Praveer N Praveer N - 1 year ago 43
Python Question

Replacing multiple strings with regex in python for a file giving truncated string

The following python code

import xml.etree.cElementTree as ET
import time
import fileinput
import re

ts = str(int(time.time()))
modifiedline =''
for line in fileinput.input("singleoutbound.xml"):
line = re.sub('OrderName=".*"','OrderName="'+ts+'"', line)
line = re.sub('OrderNo=".*"','OrderNo="'+ts+'"', line)

line = re.sub('ShipmentNo=".*"','ShipmentNo="'+ts+'"', line)

line = re.sub('TrackingNo=".*"','TrackingNo="'+ts+'"', line)

line = re.sub('WaveKey=".*"','WaveKey="'+ts+'"', line)

Returns the modifiedline string with some lines truncated wherever the first match is found

How do I ensure it returns the complete string for each line?

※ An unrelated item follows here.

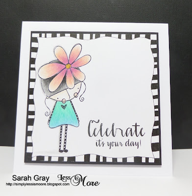 My second card features a whimsical cartoonish girl coloured in pencils. I added a doodled border to go with her stripey legs!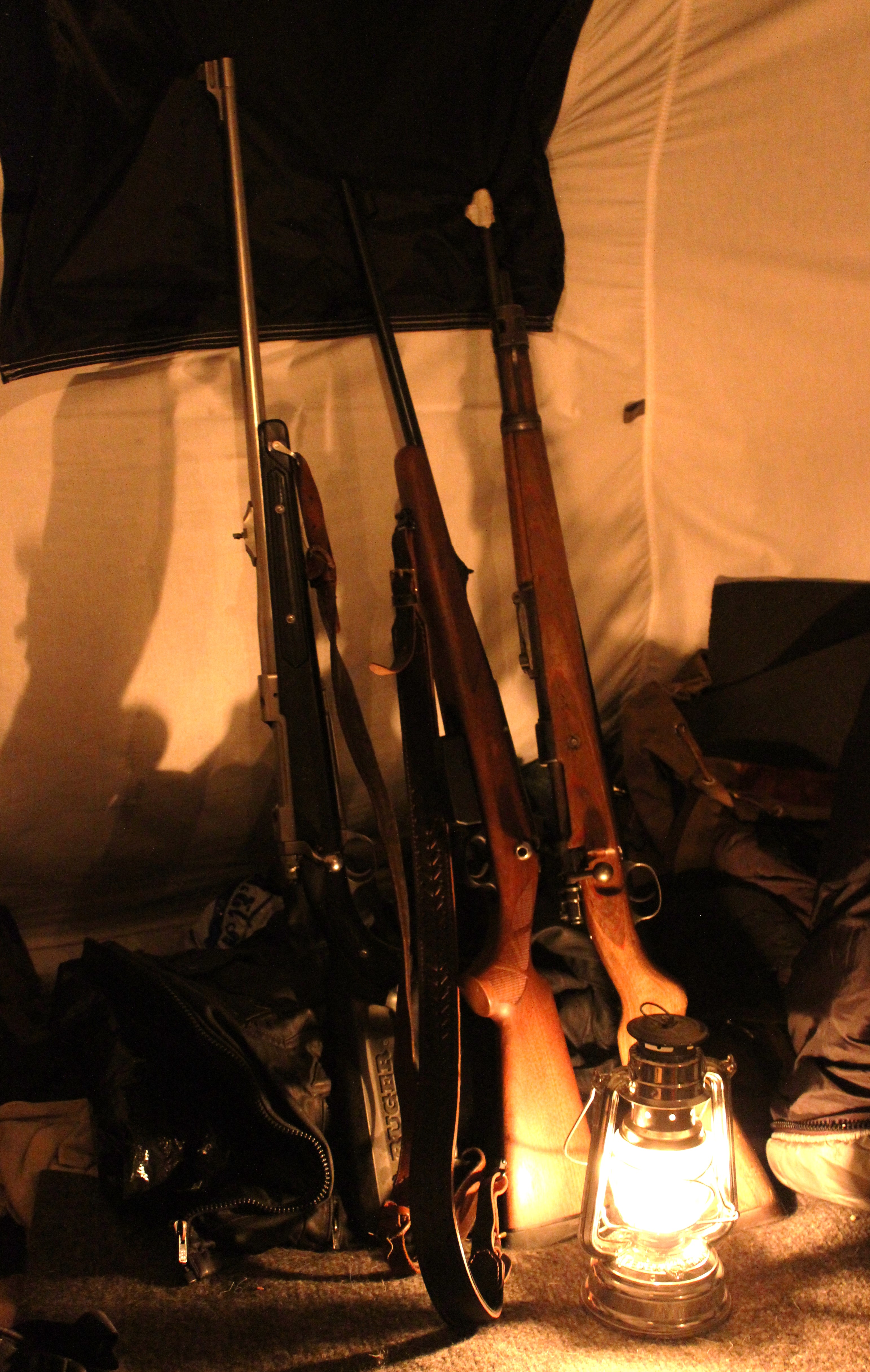 Polar bear defence is being taken seriously. Centre is my links 30-06, with Cees’ WWII Mauser to the right. On the left is Morten’s cannon – a massive .338 caliber Ruger

I have changed the way I am solving this problem, inspired by Tomalak's answer

import xml.etree.cElementTree as ET
import time

ts = str(int(time.time()))

doc = ET.parse('singleoutbound.xml')

for elem in doc.iterfind('//*'):
if 'OrderName' in elem.attrib:
elem.attrib['OrderName'] = ts
if 'OrderNo' in elem.attrib:
elem.attrib['OrderNo'] = ts
if 'ShipmentNo' in elem.attrib:
elem.attrib['ShipmentNo'] = ts
if 'TrackingNo' in elem.attrib:
elem.attrib['TrackingNo'] = ts
if 'WaveKey' in elem.attrib:
elem.attrib['WaveKey'] = ts


Answer Source

Here is how to use ElementTree to make modifications to an XML file without accidentally breaking it:

import xml.etree.cElementTree as ET
import time

ts = str(int(time.time()))

doc = ET.parse('singleoutbound.xml')

for elem in doc.iterfind('//*[@OrderName]'):
    elem.attrib['OrderName'] = ts

# and so on


Things to understand:

  • XML represents a tree-shaped data structure that consists of elements, attributes and values, among other things. Treating it as line-based plain text fails to recognize this fact.
  • There is a language to select items from that tree of data, called XPath. It's powerful and not difficult to learn. Learn it. I've used //*[@OrderName] above to find all elements that have an OrderName attribute.
  • Trying to modify the document tree with improper tools like string replace and regular expressions will lead to more complex and hard-to-maintain code. You will encounter run-time errors for completely valid input that your regex has no special case for, character encoding issues and silent errors that are only caught when someone looks at your program's output. In other words: It's the wrong thing to do, so don't do it.
  • The above code is actually simpler and much easier to reason about and extend than your code.